今日(2021年6月27日)は、Xデザイン学校大阪分校パーソナルコースの第2回でした。休憩が入るとはいえ、5時間ぶっ通しのゼミなので、やってる間は気分が昂ってるので何ともないですが、終わって晩酌でもしようもんなら、あっという間に疲労睡魔に襲われます(笑)しかし、ほんとに私にとっての通常とは異なる実践ベースの深い学びなので、心地よさはあります。

先生方も報告するゼミ。

このパーソナルコースの特徴といってもいいと思うのですが、先生方も報告をされます。もちろん、それを「講演」と捉えてもいいのですが、人数も少ないですし、他の参加者の方々と応答が入りながらの報告になるので、他のコースとはちょっと違う趣で進みます。

今日は、浅野先生、今回から加わってくださった水本先生、佐藤先生のお三方の報告でした。内容は省略しますが、実質的初回といっていい今回の構成で、いよいよパーソナルコースが「ゼミ」であることが私のなかで確定しました(笑)

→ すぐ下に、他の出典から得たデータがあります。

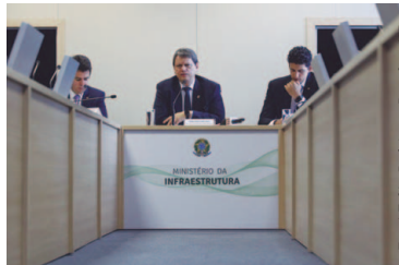
Ministro da Infraestrutura, Tarcísio Gomes de Freitas

O ministro da Infraestrutura, Tarcísio Gomes de Freitas, disse na sexta-feira (13) que o governo pretende realizar leilões de 40 a 44 ativos de infraestrutura no próximo ano. A expectativa é que os projetos de concessão de portos, aeroportos, rodovias e ferrovias alcancem R$ 101 bilhões em investimentos durante o período de duração dos contratos.

世の中に「ゼミ」を冠した学びの場は多くあるようですが、仄聞し、また垣間見るには、「先生」の一人しゃべりを「学生」がありがたく拝聴するようなスタイルも少なくないようです。しかし、そんなもんはゼミではありません(←これは、大学教員としての私の信念)。

東京のさる有名大学ではゼミのことを「研究会」と呼ぶとのことですが、これはまことに至当な名称だと思います。

Xデザイン学校のパーソナルコースがその線上にあるわけではないですが、深くまで掘り下げた議論ができる点では「研究会」的なゼミといってもいいと思います。あんまり書きすぎると宣伝めいてアレですが、ビギナーコースからパーソナルコースまで揃ってる私設学校(私塾)というのは、他に例がないのではないかとも思います。

ここは掛け値なしに、これからの学びのありようの一つだと思ってます。それを実感的に身につけるべく、ここに学びに来てるというのは、まちがいなく言えることです。

みなさんのご報告から / 一緒に学ぶ。

これがね、ほんとに濃いんです。今回から、実質的な内容に入ったんですが、4チーム(4社)さんのご報告がもちろんながら、ガチな内容に。こんなん言うたら怒られるかもですが、聴いてるだけで学費分の元が取れる(笑)

参加されてる企業さんそれぞれに、企業規模や事業規模、問題状況なども違います。歴史も違います。そのうえで、これから企業をどう発展させていくのかをサービスデザインの視座から考えようとされてるわけです。濃くならないわけがない。だから、すごく充実してます。

私の報告。エコシステム志向的な経営学の構築に向けて。

私自身も、もちろん報告をさせていただきました。といっても、いわゆる研究者コミュニティでの研究会や学会のときのように(自分なりに)研き上げて報告するというより、「思索の垂れ流し」を恐れずにしゃべらせてもらいました。なので、かなり散漫な内容だったと思います。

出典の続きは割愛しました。